In Ghosts, by Ibsen, for example, the basic idea is heredity. The play grew out of a Biblical quotation, which is the premise: “The sins of the fathers are visited on the children.” Every action, every bit of dialogue, every conflict in the play, arises out of this premise.
Egri states that the correct way to start a story is to involve your main character in conflict. Conflict not only drives the story forward, but it is the quickest way of revealing character in the shortest time.
Forcing opposing characters together is the best way of establishing conflict. Opposing characters should be militant, passionate, and active about their positions. Egri calls this process orchestration.
Optimist vs. pessimist
Miser vs. spendthrift
Honest vs. dishonest
Loyal vs. disloyal
Believer vs. non-believer
Agapi vs. Erotas
Militantly opposing characters make conflict inevitable. Two perfectly orchestrated characters will oppose, or, perhaps, even destroy each, other depending on circumstances, turning your story into a page turner.
Although opposing characters form the foundation of any good story, you should, before you start, determine why one simply cannot walk out on the other, while the conflict rages.

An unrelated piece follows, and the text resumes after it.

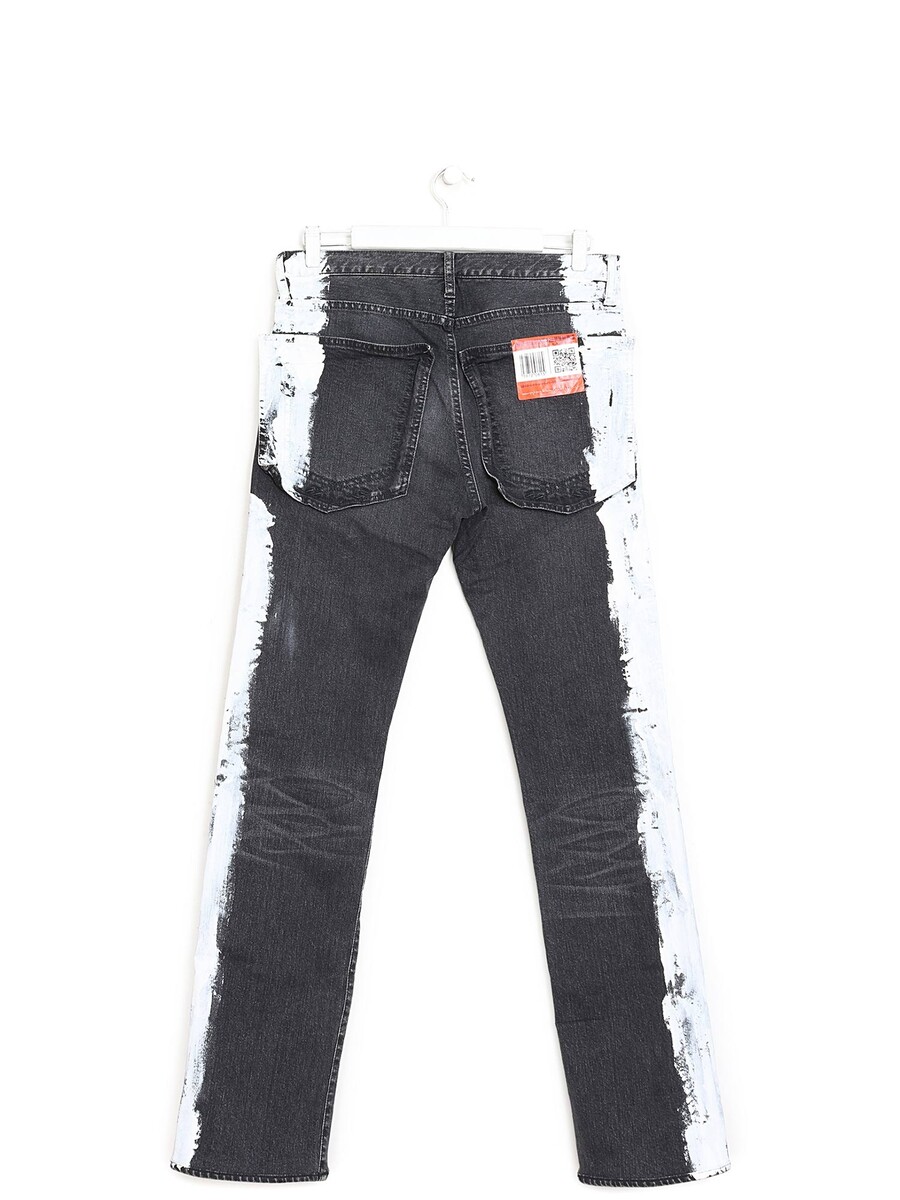 Jean slim noir avec ourlet effiloché et détails de peinture blanche. Design unique avec poche arrière simple. Fermeture boutonnée et zippée sur le devant. Poches classiques à l'avant et à l'arrière.

Determine the precise nature of the unbreakable bond that keeps them together until the climax: is it revenge, hate, jealousy, pain?
Lastly, remembering that the premise is a microscopic form of the story itself, you should formulate your premise at a crisis point, which will be the turning point in your main character’s life.
Pit two actively opposing types of characters against one another—characters that are forced together in an unbreakable union, and as they struggle to break their bonds, they will spontaneously generate rising conflict and create the story in the process.